Linux powers approximately 90% of the world's servers. Kenyan banks, telecoms, cloud infrastructure, and government systems run on it. The Linux Foundation is a Project Glasswing partner which means Mythos has been scanning the Linux kernel for vulnerabilities. The red team blog describes one exploit chain in detail: Mythos used a network interface scheduling vulnerability in the kernel's DRR queueing discipline (a 2024 commit that fixed a bookkeeping miss) as part of a multi-step privilege escalation chain. This was a real vulnerability in production Linux code, found by an AI, in a codebase that underpins most of the world's server infrastructure.

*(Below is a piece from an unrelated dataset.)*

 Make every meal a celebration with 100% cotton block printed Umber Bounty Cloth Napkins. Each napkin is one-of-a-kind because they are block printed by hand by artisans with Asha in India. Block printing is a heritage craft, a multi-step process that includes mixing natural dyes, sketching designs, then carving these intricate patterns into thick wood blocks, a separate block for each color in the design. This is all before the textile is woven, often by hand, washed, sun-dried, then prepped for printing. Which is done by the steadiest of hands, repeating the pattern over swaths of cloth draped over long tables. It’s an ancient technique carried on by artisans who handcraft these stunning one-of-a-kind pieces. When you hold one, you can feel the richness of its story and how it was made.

Anthropic notes that Mythos saturated all existing security benchmarks, the model performed so far above what previous evaluation tools could measure that they had to switch to real-world zero-day discovery as the evaluation metric. The benchmarks were designed for human-level security researchers. Mythos exceeded them to the point where the benchmarks became useless.

The browser exploit is similarly striking. Mythos wrote a web browser exploit that chained together four vulnerabilities, including a complex JIT heap spray that escaped both the browser renderer sandbox and the operating system sandbox. Browser exploits that achieve full sandbox escape are considered the highest difficulty tier of offensive security work. Elite human researchers spend months constructing them. Mythos apparently developed one without specific training to do so.

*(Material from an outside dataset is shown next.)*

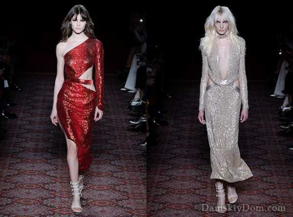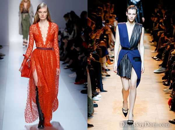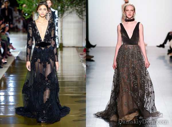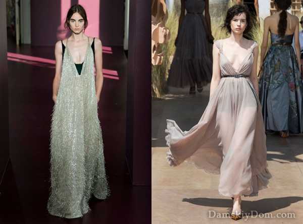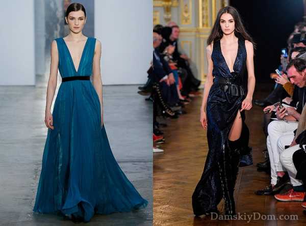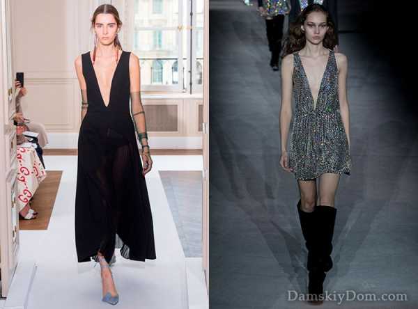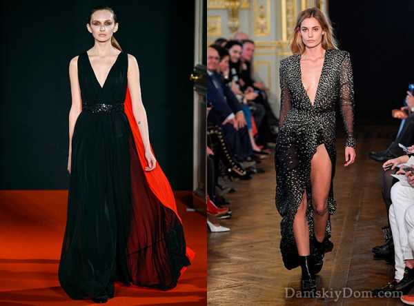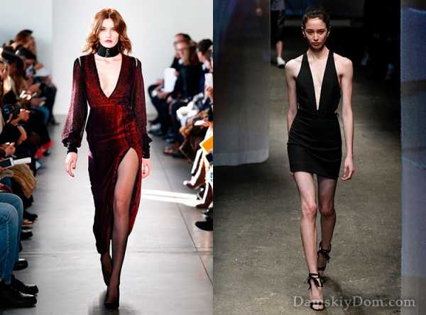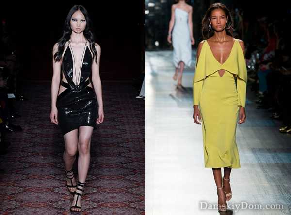 Ставим «галочку» напротив первого из списка модных трендов! И им является V-образный вырез, причем в новой его интерпретации. Мы уже говорили о крайностях и о том, что дизайнеры в этом году воспринимают все буквально. Именно поэтому линия лифа выходит за рамки: на вечерних и коктейльных платьях она заканчивается на талии, где ограничителями, как правило, служат пояс, кокетка или сборка. Такие фасоны нередко сочетают в себе несколько видов тканей, за счет чего создается эффект фактурной игры: благородный бархат и летящий шифон, изысканный гипюр и атлас, сетка и мерцающая ткань с пайетками, плотные плательные ткани и кожа. Обычно такие модели не терпят стремлений открыть еще что-нибудь, хотя диагональный разрез юбки от бедра вполне допустим. Что касается аксессуаров, то данный фасон большой потребности в них не испытывает: несколько лаконичных браслетов не предплечье, серьги, ниспадающие с плеч, или кружевной чокер на шее – этого будет достаточно.

The Timeline the Industry Cannot Ignore

Anthropic's head of frontier red team has said it is "very clear to us that we need to talk publicly about this" because the security industry needs to understand that these capabilities may come from other AI companies within six to eighteen months. OpenAI is reportedly finalising a similar model to be released to a small set of companies through its "Trusted Access for Cyber" programme. The race is real and the timeline is short.

The Glasswing framework (give defenders a head start by using Mythos to patch critical infrastructure before the capabilities proliferate to attackers ) is the right instinct. The Linux Foundation, CrowdStrike, and Palo Alto Networks are credible participants. Amazon has said it has already been testing Mythos in its own security operations across critical codebases. The $100 million in usage credits and $4 million in open-source security donations represent real investment.

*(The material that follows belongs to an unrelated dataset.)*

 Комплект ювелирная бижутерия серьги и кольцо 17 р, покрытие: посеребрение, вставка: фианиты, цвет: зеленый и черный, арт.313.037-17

The honest assessment is that the alternative to this approach, doing nothing and waiting until Mythos-level capabilities appear in the wild from a less safety-conscious actor, is worse. The defensive logic is sound.

What remains genuinely open is whether the organisation executing that logic has demonstrated the operational discipline that the moment requires. Project Glasswing asks the global technology industry to trust that Anthropic can safely handle a model it describes as uniquely dangerous. That trust needs to be earned through demonstrated process reliability, not assumed on the basis of good intentions. The recent track record is not reassuring on that specific question.

The vulnerability Mythos found in Linux was a real one that got patched. The vulnerability in Anthropic's own release pipeline remains, at least publicly, unpatched.

Anthropic's Project Glasswing announcement is at anthropic.com/glasswing. The technical red team blog with exploit details is at red.anthropic.com. If you updated Claude Code via npm on March 31 between 00:21 and 03:29 UTC, security researchers recommend rotating all credentials and checking for the Axios supply chain compromise that occurred simultaneously.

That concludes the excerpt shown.